Not only does this allow you a managed process that allows you to test the patches first and then deploy them, but it also saves bandwidth because everybody’s talking to an internal server rather than everyone going out to the internet. One of the biggest challenges we have for operating system security these days is malware. This malicious software is getting very good at getting into our systems and it’s causing a lot of problems for our users. Some malware doesn’t make itself obvious on your computer, you have no idea it’s even installed, but it’s behind the scenes watching every single keystroke you’re making and reporting those keys back to a central server.

This means when you log into your file server or log into your bank or log into your insurance company, this malware is watching every single thing you’re typing in including the username and the password. Some malware is very social. It participates in a very large botnet. This is a robot network that is able to send emails, provide denial of service attacks on other locations, or gather information from all of the different devices on the network. And they’re all under the control of whoever is in charge of the botnet.

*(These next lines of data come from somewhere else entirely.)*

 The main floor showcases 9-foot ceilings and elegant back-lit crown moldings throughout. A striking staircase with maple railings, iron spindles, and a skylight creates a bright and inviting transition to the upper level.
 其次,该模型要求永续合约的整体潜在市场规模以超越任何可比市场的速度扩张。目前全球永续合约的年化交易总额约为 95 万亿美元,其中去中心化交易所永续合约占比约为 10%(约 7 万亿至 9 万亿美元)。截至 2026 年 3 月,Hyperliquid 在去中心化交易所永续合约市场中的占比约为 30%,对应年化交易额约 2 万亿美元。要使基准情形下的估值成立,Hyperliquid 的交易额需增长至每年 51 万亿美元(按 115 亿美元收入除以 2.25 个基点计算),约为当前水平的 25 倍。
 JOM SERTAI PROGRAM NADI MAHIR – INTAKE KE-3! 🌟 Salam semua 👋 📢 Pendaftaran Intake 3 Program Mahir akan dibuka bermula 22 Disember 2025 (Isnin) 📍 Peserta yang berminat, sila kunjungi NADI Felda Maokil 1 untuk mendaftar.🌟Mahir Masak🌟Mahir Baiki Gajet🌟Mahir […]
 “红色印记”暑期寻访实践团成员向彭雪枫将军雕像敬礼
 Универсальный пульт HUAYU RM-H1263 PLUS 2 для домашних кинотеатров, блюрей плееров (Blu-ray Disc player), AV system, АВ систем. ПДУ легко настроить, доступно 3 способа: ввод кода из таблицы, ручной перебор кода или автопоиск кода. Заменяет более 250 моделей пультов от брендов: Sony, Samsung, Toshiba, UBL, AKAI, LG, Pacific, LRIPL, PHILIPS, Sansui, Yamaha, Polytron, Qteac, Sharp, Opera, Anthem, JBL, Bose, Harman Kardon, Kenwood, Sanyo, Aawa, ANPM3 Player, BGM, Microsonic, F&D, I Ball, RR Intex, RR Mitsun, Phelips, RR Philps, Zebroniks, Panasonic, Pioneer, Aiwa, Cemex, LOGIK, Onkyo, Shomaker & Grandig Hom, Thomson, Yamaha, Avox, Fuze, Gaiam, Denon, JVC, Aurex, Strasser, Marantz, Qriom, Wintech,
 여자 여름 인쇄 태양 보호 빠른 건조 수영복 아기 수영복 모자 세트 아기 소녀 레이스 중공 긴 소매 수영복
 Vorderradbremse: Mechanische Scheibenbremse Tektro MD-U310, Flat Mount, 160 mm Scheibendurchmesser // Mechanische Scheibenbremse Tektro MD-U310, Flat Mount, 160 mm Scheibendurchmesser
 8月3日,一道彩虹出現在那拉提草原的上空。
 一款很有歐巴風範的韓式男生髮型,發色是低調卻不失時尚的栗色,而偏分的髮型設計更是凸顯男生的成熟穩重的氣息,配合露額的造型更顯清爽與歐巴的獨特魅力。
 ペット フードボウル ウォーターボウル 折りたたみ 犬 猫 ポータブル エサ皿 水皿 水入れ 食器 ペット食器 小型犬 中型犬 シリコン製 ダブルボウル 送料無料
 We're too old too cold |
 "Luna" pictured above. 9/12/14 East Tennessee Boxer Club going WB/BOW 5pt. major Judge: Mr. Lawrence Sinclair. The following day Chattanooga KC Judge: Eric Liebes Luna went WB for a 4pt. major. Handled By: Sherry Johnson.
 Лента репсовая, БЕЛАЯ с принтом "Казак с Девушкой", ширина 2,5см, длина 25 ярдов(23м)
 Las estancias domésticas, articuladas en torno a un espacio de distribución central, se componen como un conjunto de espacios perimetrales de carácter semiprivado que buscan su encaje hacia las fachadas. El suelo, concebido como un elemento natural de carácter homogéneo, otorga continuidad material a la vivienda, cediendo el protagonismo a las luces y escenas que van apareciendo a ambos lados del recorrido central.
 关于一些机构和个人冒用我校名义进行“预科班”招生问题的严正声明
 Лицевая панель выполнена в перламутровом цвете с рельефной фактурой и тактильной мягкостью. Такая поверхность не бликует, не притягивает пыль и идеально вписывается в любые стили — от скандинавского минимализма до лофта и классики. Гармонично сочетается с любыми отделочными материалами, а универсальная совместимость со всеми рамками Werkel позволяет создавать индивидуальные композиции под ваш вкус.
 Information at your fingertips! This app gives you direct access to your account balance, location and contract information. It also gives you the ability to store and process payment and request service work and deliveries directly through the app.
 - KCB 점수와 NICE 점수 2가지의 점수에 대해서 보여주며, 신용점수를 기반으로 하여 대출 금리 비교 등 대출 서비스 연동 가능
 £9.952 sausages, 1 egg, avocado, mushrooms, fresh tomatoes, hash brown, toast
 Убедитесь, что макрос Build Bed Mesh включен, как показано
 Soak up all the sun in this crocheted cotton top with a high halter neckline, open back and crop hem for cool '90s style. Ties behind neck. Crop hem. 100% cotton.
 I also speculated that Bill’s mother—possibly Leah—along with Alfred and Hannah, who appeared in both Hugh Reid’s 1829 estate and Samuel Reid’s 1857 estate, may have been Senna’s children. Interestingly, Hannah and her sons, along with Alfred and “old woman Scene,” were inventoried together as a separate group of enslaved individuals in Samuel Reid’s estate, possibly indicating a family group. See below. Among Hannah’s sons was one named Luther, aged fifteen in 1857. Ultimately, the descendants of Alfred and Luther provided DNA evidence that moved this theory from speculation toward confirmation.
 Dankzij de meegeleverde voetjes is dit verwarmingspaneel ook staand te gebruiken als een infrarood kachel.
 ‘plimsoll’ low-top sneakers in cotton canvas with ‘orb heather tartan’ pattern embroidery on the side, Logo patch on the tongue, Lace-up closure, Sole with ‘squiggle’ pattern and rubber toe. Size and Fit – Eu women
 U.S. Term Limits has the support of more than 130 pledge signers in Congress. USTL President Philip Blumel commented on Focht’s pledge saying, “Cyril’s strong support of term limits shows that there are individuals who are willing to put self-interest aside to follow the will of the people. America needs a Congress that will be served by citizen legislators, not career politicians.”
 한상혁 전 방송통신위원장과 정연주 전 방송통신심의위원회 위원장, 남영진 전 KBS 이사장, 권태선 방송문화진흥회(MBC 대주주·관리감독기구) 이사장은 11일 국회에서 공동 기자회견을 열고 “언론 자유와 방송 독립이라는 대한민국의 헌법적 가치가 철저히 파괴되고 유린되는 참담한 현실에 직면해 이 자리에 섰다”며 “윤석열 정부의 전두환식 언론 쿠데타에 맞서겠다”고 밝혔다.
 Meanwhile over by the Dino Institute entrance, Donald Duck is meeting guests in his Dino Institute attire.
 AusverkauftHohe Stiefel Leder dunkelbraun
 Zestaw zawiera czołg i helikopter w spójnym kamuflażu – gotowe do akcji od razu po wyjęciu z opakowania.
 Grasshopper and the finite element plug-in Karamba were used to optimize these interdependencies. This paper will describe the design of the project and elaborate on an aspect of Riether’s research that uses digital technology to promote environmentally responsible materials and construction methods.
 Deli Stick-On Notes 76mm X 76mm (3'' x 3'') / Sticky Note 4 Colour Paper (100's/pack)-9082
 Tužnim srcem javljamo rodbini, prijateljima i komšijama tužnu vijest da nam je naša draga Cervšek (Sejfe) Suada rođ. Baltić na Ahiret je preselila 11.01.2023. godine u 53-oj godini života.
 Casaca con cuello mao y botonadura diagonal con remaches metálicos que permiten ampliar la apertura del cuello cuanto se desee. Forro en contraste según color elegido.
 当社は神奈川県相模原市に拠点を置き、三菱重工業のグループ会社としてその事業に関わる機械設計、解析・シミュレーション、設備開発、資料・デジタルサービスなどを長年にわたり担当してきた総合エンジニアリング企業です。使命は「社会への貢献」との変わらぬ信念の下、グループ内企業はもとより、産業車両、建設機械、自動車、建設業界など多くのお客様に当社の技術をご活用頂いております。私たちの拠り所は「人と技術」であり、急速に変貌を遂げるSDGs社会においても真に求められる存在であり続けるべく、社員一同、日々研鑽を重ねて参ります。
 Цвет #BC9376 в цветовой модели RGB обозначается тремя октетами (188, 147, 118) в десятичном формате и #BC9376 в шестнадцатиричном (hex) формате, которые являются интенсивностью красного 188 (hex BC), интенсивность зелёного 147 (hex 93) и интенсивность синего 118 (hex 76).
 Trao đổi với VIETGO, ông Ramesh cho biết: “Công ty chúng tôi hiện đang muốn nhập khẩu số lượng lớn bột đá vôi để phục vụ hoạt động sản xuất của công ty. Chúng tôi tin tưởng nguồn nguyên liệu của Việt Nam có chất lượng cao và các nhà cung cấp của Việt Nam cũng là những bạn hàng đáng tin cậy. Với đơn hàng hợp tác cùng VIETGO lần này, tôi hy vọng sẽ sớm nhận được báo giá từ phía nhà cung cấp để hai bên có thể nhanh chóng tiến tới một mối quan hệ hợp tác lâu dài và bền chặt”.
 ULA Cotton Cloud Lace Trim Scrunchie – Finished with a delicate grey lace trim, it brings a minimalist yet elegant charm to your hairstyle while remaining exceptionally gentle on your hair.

You obviously don’t want your systems participating in this worldwide botnet, so you have to be very careful that that type of malware is not installed onto these systems. Some malware is all about the money. It wants you to look at advertising. Whenever you visit any web page, advertisements appear inside the web page or extra pop up boxes appear with advertising on them. And the bad guys are hoping that they can install as much malware on as many systems as possible because they’re making money every time they show you an ad.

Some of this malware viruses and worms can encrypt your data and you have to pay the malware author to get a key that can then decrypt all of your personal data. You may want to make sure that your backups are working properly and that you have the latest antivirus and anti-malware signatures on your computer. The reason malware has become such a problem is that it’s getting very good at how it embeds itself on our systems. Assuming that your users are not clicking on a link in an email or visiting a site they should not visit, one of the ways that malware starts is by taking advantage of a vulnerability with an application or with the operating system.

It will embed their code inside of the operating system at that point, and then they’re able to perform anything they’d like. They could even sit there without installing anything and later on provide access to that system through a back door that they then can use to install additional software onto your computer. To start this process though, the computer has to run an executable. It might be a link from an email that you’re clicking. We do not want to click any links inside of an email because of that.

Maybe visit a website and get a pop up message that says software needs to be updated when, in reality, no software really did need to be updated. That’s just another way the malware uses to get onto your system. Maybe it’s a drive-by download. You visit a website and just by visiting a page, it begins to download a file to your computer.

Or it might be a worm that hops from computer to computer taking advantage of a known vulnerability and embedding itself on as many systems as possible. The key is to keep your operating system updated. Make sure that you’re installing all of the latest patches and you’re staying up to date with all of the application updates as well.